Data excerpt START

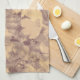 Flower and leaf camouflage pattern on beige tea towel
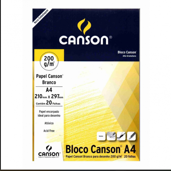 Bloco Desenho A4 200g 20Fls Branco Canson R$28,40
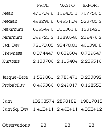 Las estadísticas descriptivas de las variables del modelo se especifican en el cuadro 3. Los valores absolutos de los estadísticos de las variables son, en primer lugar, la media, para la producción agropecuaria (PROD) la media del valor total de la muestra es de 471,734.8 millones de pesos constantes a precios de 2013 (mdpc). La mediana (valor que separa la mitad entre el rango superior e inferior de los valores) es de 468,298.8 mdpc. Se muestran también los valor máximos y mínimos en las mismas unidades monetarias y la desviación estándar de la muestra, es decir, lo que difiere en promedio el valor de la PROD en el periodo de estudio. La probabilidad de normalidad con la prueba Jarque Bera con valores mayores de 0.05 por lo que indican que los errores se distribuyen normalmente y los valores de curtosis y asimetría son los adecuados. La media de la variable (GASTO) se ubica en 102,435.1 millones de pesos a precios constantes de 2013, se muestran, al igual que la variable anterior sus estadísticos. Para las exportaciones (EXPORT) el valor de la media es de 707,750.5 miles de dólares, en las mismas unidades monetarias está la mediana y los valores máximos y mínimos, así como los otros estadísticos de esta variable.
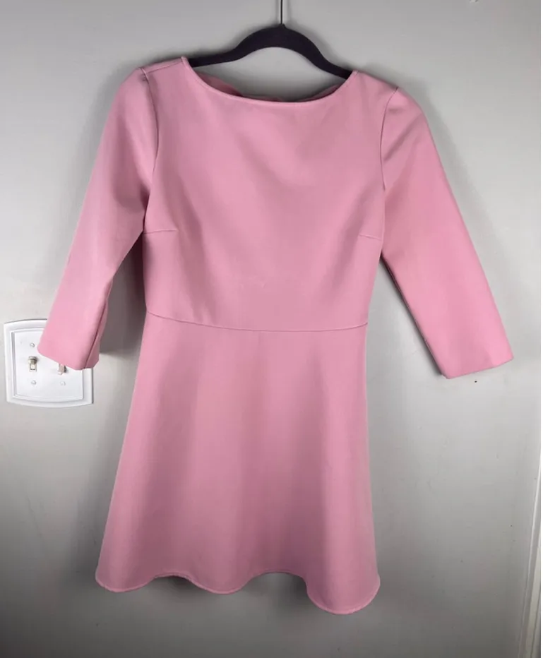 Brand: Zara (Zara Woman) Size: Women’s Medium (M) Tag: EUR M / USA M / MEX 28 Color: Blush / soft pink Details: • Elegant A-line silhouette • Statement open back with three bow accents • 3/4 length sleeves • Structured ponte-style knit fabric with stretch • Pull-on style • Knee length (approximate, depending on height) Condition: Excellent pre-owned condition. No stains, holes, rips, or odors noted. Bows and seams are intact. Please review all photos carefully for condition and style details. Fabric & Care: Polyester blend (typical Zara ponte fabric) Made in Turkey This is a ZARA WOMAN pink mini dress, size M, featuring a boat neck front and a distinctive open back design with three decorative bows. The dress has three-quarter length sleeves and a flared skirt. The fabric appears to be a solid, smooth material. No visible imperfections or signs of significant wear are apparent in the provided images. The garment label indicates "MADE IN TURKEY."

Data excerpt END

- Work request
Retype each line of the data exactly, beginning with the first; include the line containing "Bloco Desenho A4" and stop there, skipping every picture.

- Your response
 Flower and leaf camouflage pattern on beige tea towel
 Bloco Desenho A4 200g 20Fls Branco Canson R$28,40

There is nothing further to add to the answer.